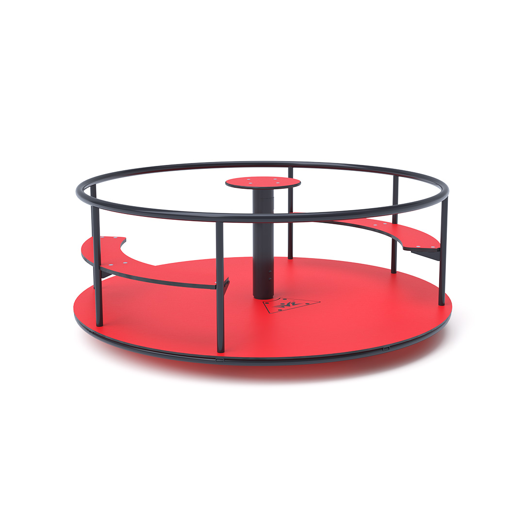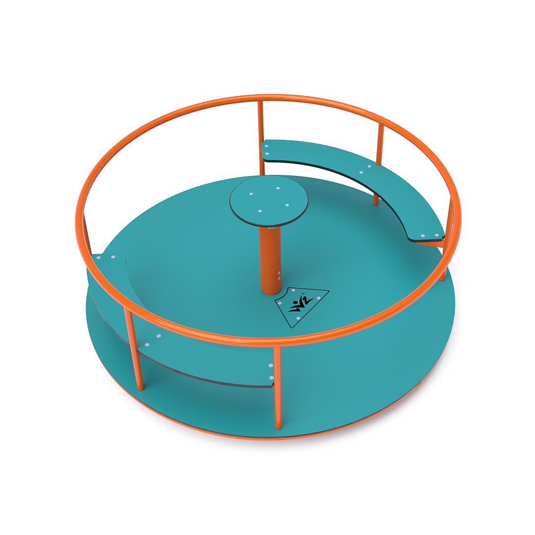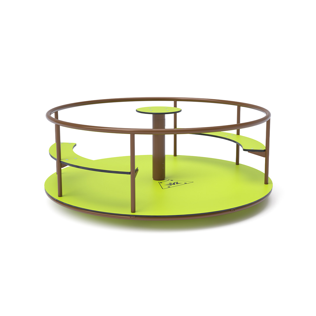 Detský kolotoč so sedákmi na sedenie je vyrobený zo žiarovo zinkovanej ocele, ktorá je upravená práškovou vypaľovacou farbou. Navrhnutý je s ohľadom na dosiahnutie dlhej životnosti a bezpečnosti prevádzky. Stredový volant, podlaha a sedáky sú vyrobené z ekologického HPL materiálu ktroý je odolný voči UV žiareniu, netoxický recyklovateľný a nelámavý. Nehrozí tak poranenie detí ostrími hranami alebo úlomkami.
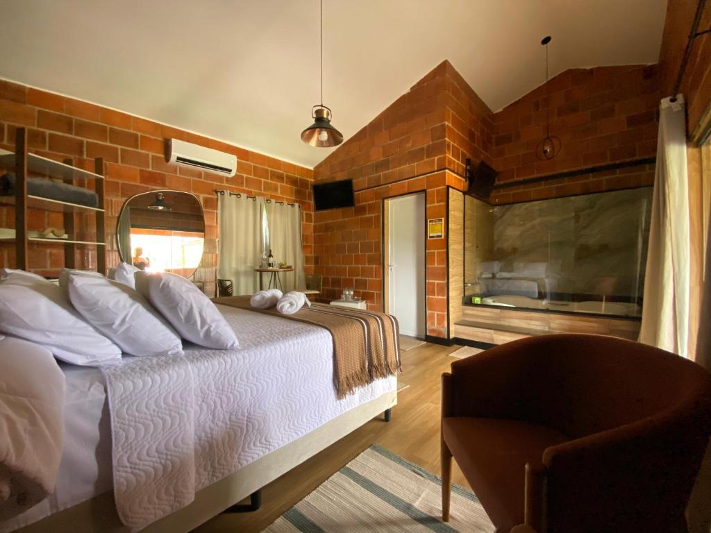 Os hóspedes podem se hospedar em uma das três casas ou dez chalés, todos aconchegantes e equipados com ar-condicionado, TV de tela plana e banheiro. O café da manhã já está incluso na diária, que começa a partir de R$ 385. O hotel tem nota 8,4.
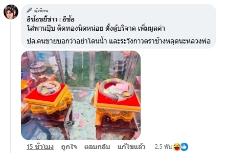 ใส่พานปุ๊บ ติดทองนิดหน่อย ตั้งตู้บริจาค เพิ่มมูลค่า ปล.คนขายบอกว่าอย่าโดนน้ำ และระวังกาวตราช้างหลุดนะหลวงพ่อ”
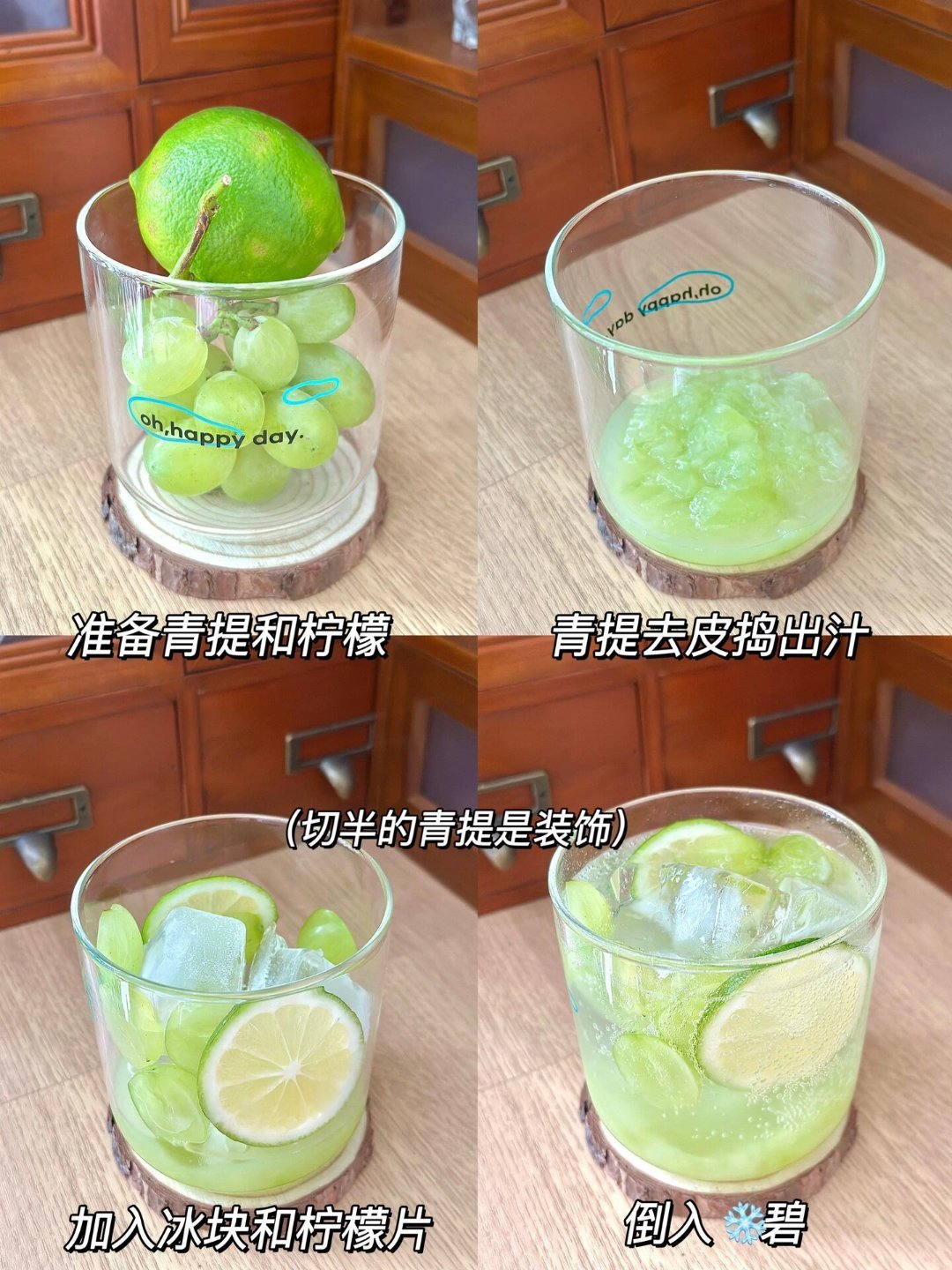 青提柠檬气泡水是一款清爽可口的饮品,以下是其制作方法:
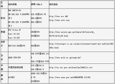 表II中提供了各種低于1GHz標準的更多細節說明,這并不是一個最完整的列表,如需要更多的細節,可從表中所提供的網路連結去取得。
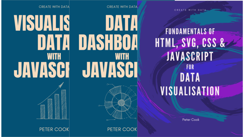 He's the author of four books: Visualising Data with JavaScript, Data Dashboards with JavaScript, D3 Start to Finish and Fundamentals of HTML, CSS, SVG & JavaScript for Data Visualisation.
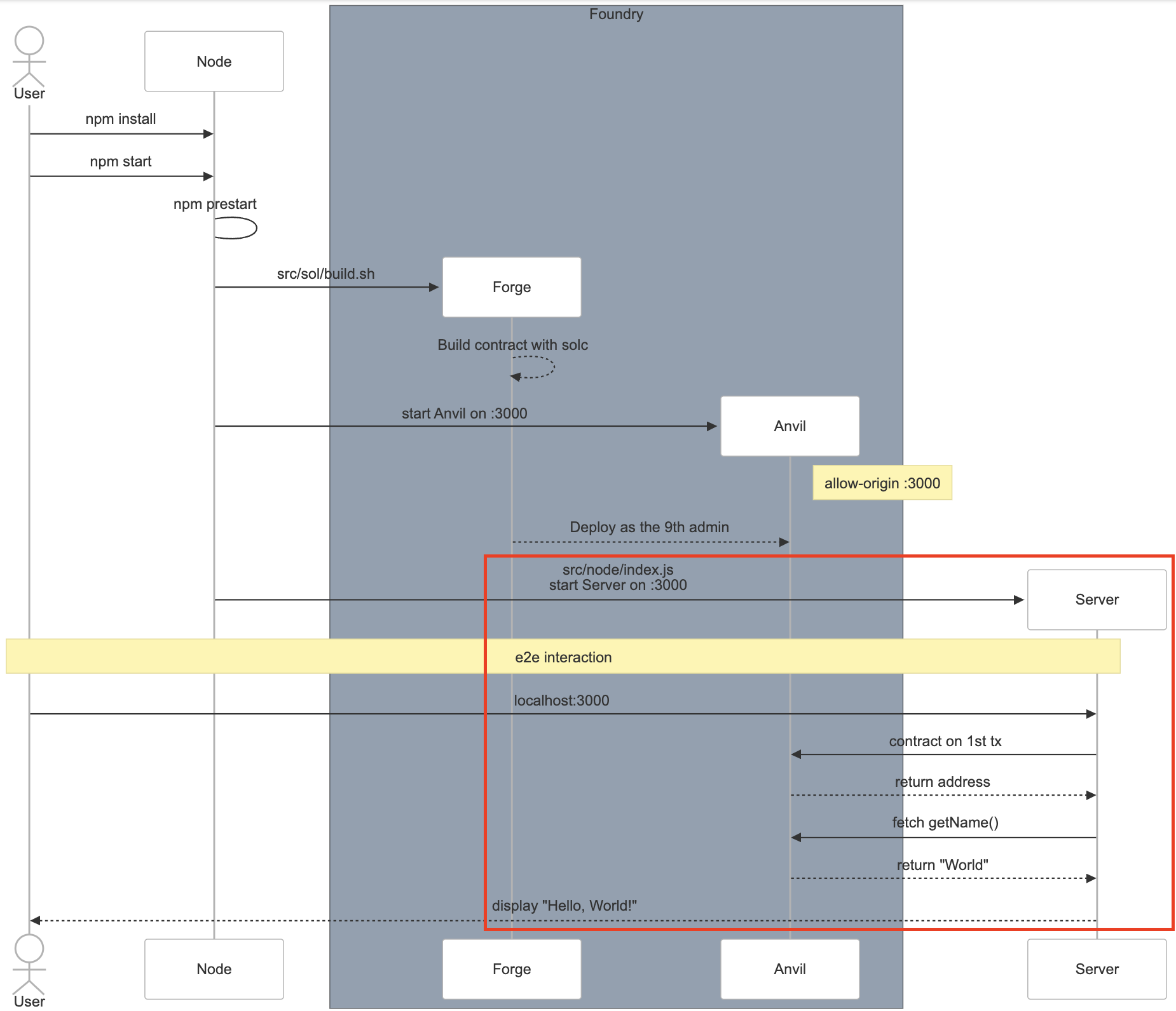 이전 시간에는 로컬 체인을 구동시키고, 스마트 컨트랙트를 작성하여 배포해봤습니다. 이번 시간에는 웹 서버를 가동시키고, 클라이언트에서 스마트 컨트랙트의 함수를 호출해서, 그 결과를 화면에 출력하는 작업에 대해 알아봅시다. 들어가기 앞서, 이 프로젝트는 의존성을 최대한 제거하여 동작 원리를 보여주는 것에 목적이 있습니다. 따라서, 지금 당장 이해가 가지 않는 부분이 있더라도 그냥 '그렇구나'하고 읽고 넘어가도 괜찮습니다. 단, 이전 시간에 실습했던 부분에서 이어지기 때문에, 1. Anvil이 동작 중인지 2. 스마트 컨트랙트를 배포했는지 확인하고 진행합시다.
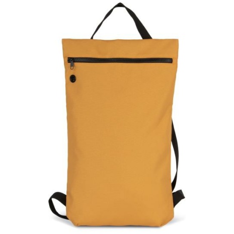 Trendy, platte en gerecycleerde rugzak. Ecologische rugzak van 60% gerecycleerd polyester.
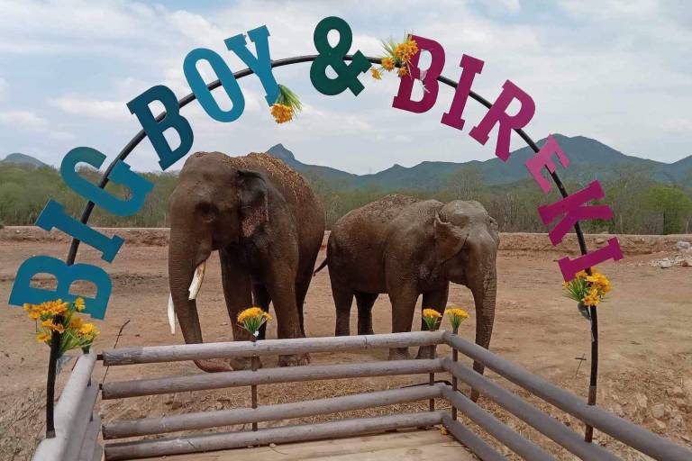 Después de medio año de la llegada de la elefanta al hogar de Big Boy, los especialistas del santuario por fin pudieron juntar a los elefantes, quienes no podían convivir anteriormente, pues no estaban acostumbrados a convivir con ejemplares de su especie.
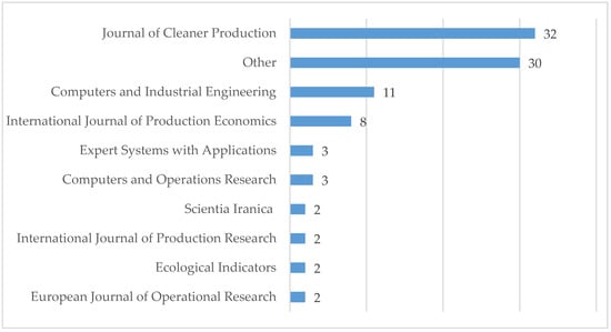 Figure 3 shows papers are distributed across 39 journals, and 30 journals have only one publication. The highest number of selected papers are from the Journal of Cleaner Production, which is approximately 34% of the total papers selected.
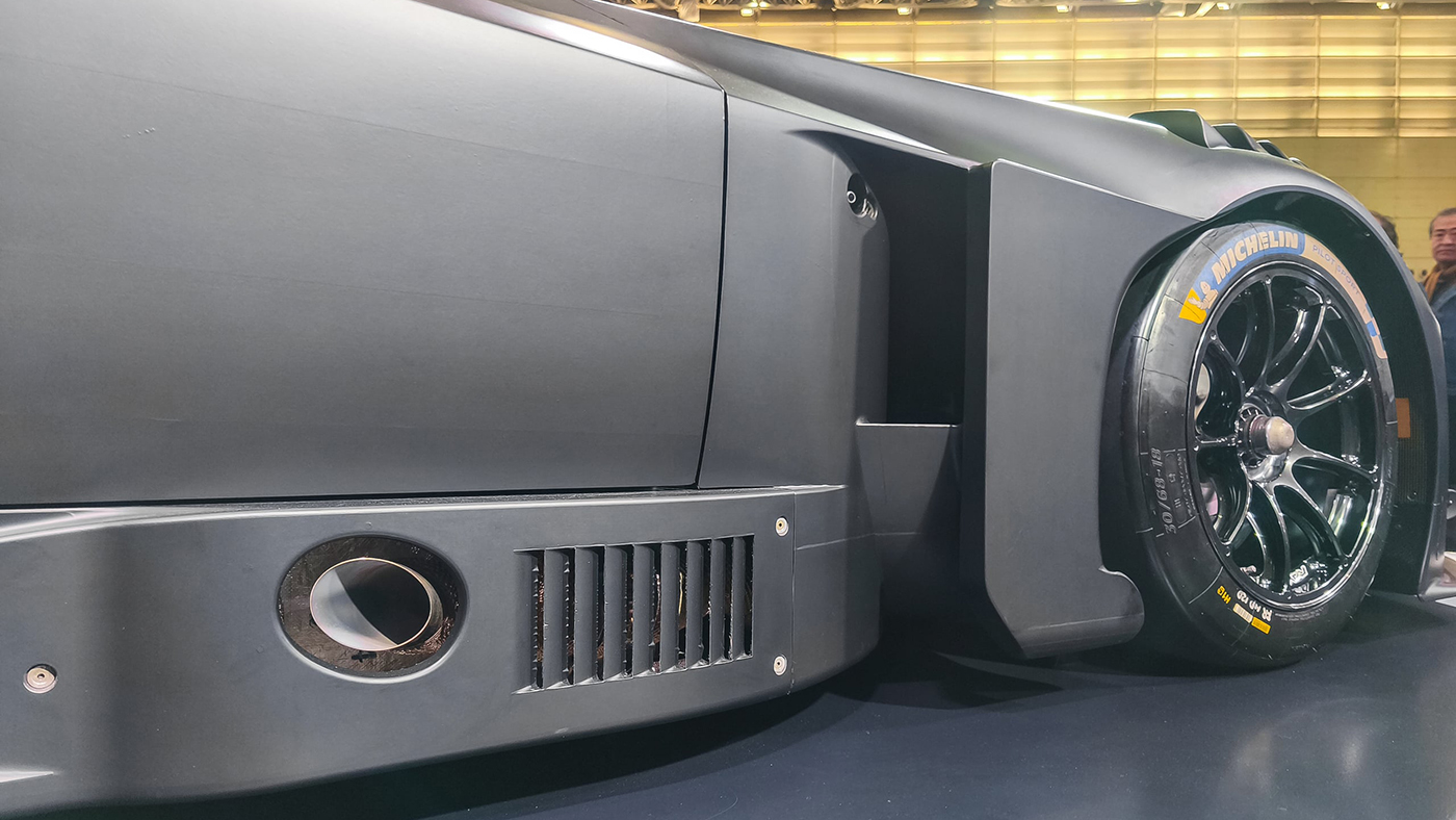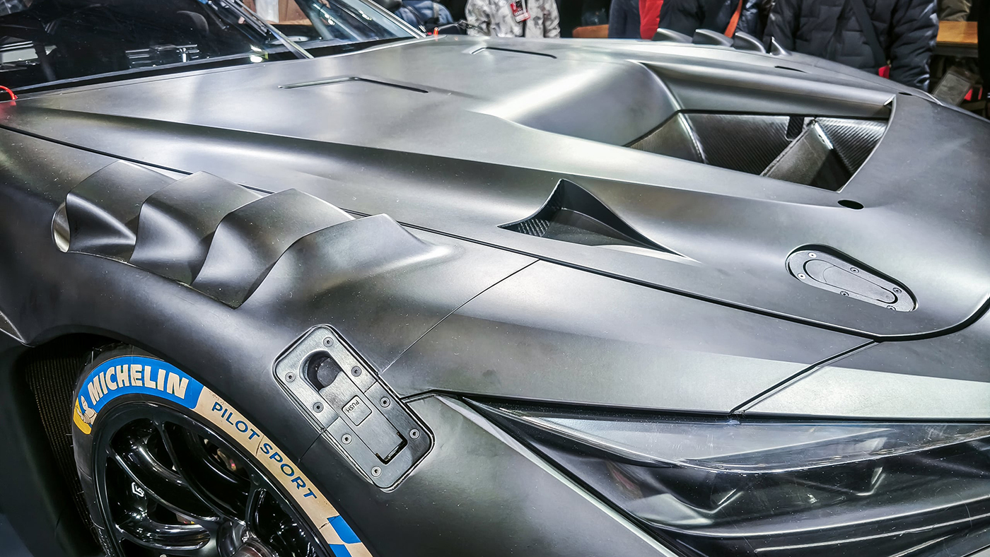GR GT3 sở hữu thiết kế thân xe hầm hố hơn nhiều dành cho đường đua, trong khi ống xả đặt ngay bên dưới mỗi cánh cửa. Hệ thống phanh Brembo được đặt phía sau bộ mâm hợp kim Rays 18 inch, với lốp có kích thước 30/68-18 ở phía trước và 31/71-18 ở phía sau. Bên trong, khoang cabin được tối giản của GR GT3 được trang bị vô lăng, bảng điều khiển và hai màn hình hiển thị dữ liệu chuyên dụng cho đường đua.
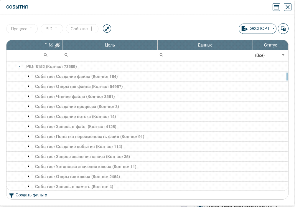 Во вкладке события, можем наблюдать, как вел себя вирус в системе. На шифровальщик указывают следующие моменты: создание файла (164 шт.), открытие файла (54967 шт.), запись в файл (4126 шт.)
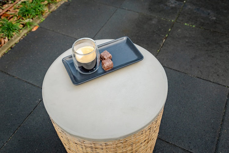 This stylish, bamboo and lime concrete coffee table complements any outdoor alfresco area.
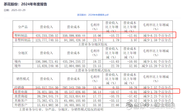 同时,发行人招股意向书宣称“茶花股份在其年度报告中没有披露其线上直销或具体平台的毛利率情况”,这样的重大虚假陈述可能也就只能糊弄下并不尽职的深交所审核员,投资人只要查阅下茶花股份年报就能发行异常(见下图所示)。
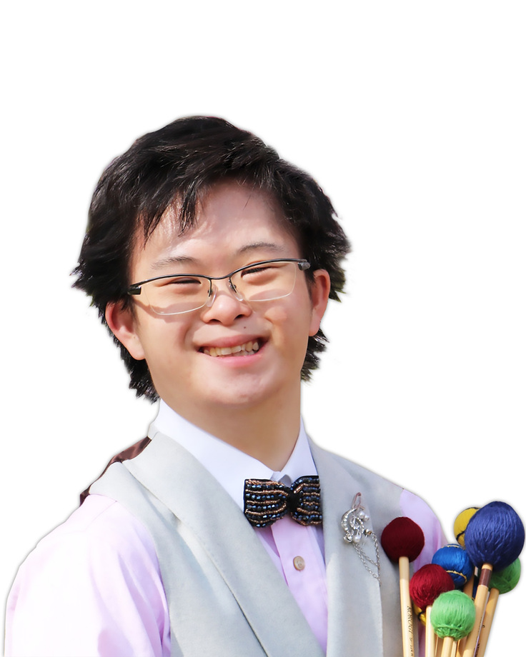ダウン症という知的障害。10歳でマリンバを始める。楽譜が読めないため少しづつ覚え、1年くらいかけて1曲を完成させる。現在は介護職として働き、地域ボランティアに参加している。
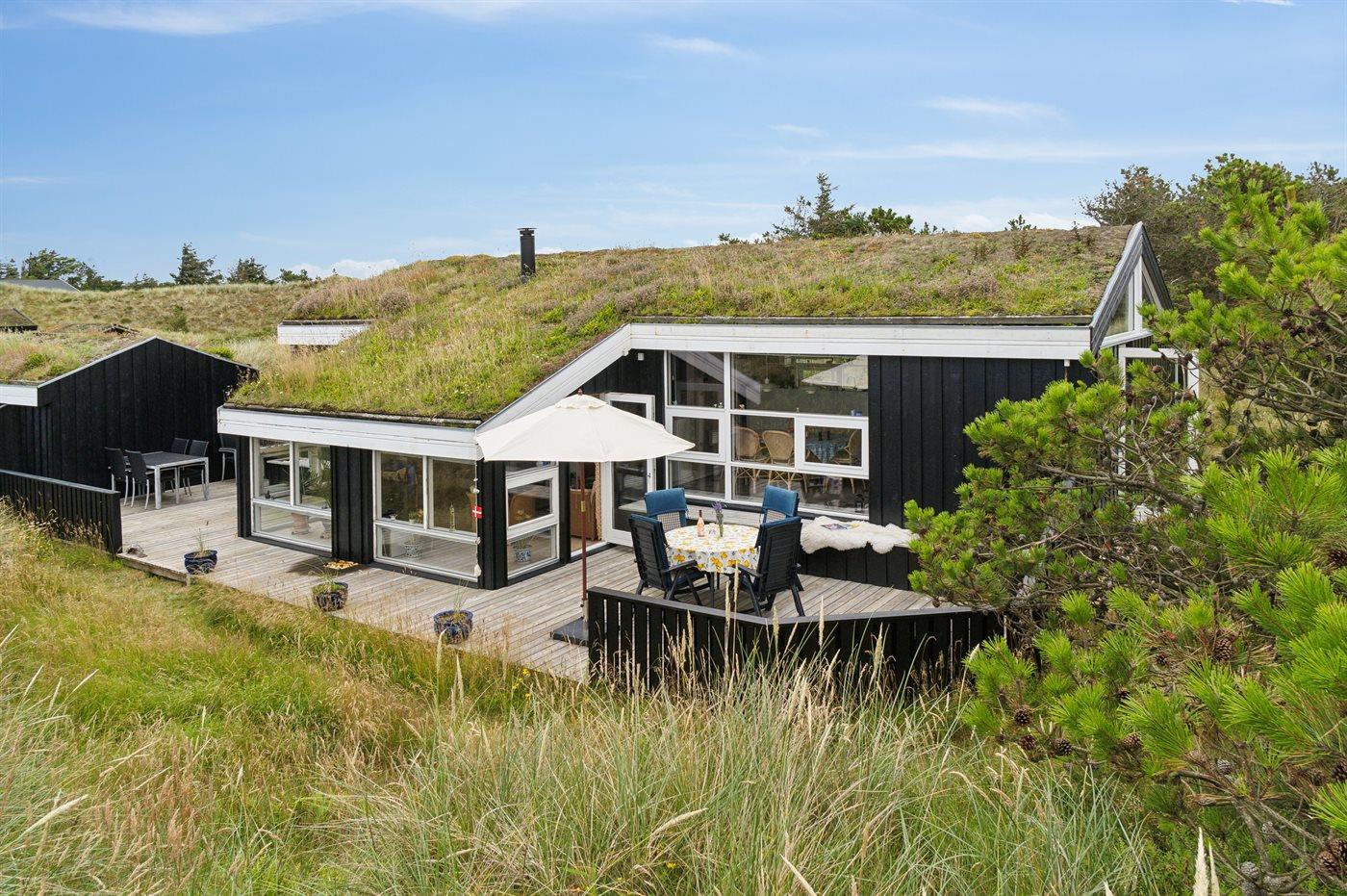 Skønt sommerhus beliggende på en stor, smuk kuperet naturgrund i det attraktive kvarter omkring Faarup Klit, Saltum. Fra grunden er der udsigt til havet.

________________________________________

▶ **Your task**
What you output must be exactly the lines from the line with "GR GT3 sở hữu" through the last line of the listing, pictures excluded.

▶ **Answer for this exercise**
GR GT3 sở hữu thiết kế thân xe hầm hố hơn nhiều dành cho đường đua, trong khi ống xả đặt ngay bên dưới mỗi cánh cửa. Hệ thống phanh Brembo được đặt phía sau bộ mâm hợp kim Rays 18 inch, với lốp có kích thước 30/68-18 ở phía trước và 31/71-18 ở phía sau. Bên trong, khoang cabin được tối giản của GR GT3 được trang bị vô lăng, bảng điều khiển và hai màn hình hiển thị dữ liệu chuyên dụng cho đường đua.
 Во вкладке события, можем наблюдать, как вел себя вирус в системе. На шифровальщик указывают следующие моменты: создание файла (164 шт.), открытие файла (54967 шт.), запись в файл (4126 шт.)
 This stylish, bamboo and lime concrete coffee table complements any outdoor alfresco area.
 同时,发行人招股意向书宣称“茶花股份在其年度报告中没有披露其线上直销或具体平台的毛利率情况”,这样的重大虚假陈述可能也就只能糊弄下并不尽职的深交所审核员,投资人只要查阅下茶花股份年报就能发行异常(见下图所示)。
ダウン症という知的障害。10歳でマリンバを始める。楽譜が読めないため少しづつ覚え、1年くらいかけて1曲を完成させる。現在は介護職として働き、地域ボランティアに参加している。
 Skønt sommerhus beliggende på en stor, smuk kuperet naturgrund i det attraktive kvarter omkring Faarup Klit, Saltum. Fra grunden er der udsigt til havet.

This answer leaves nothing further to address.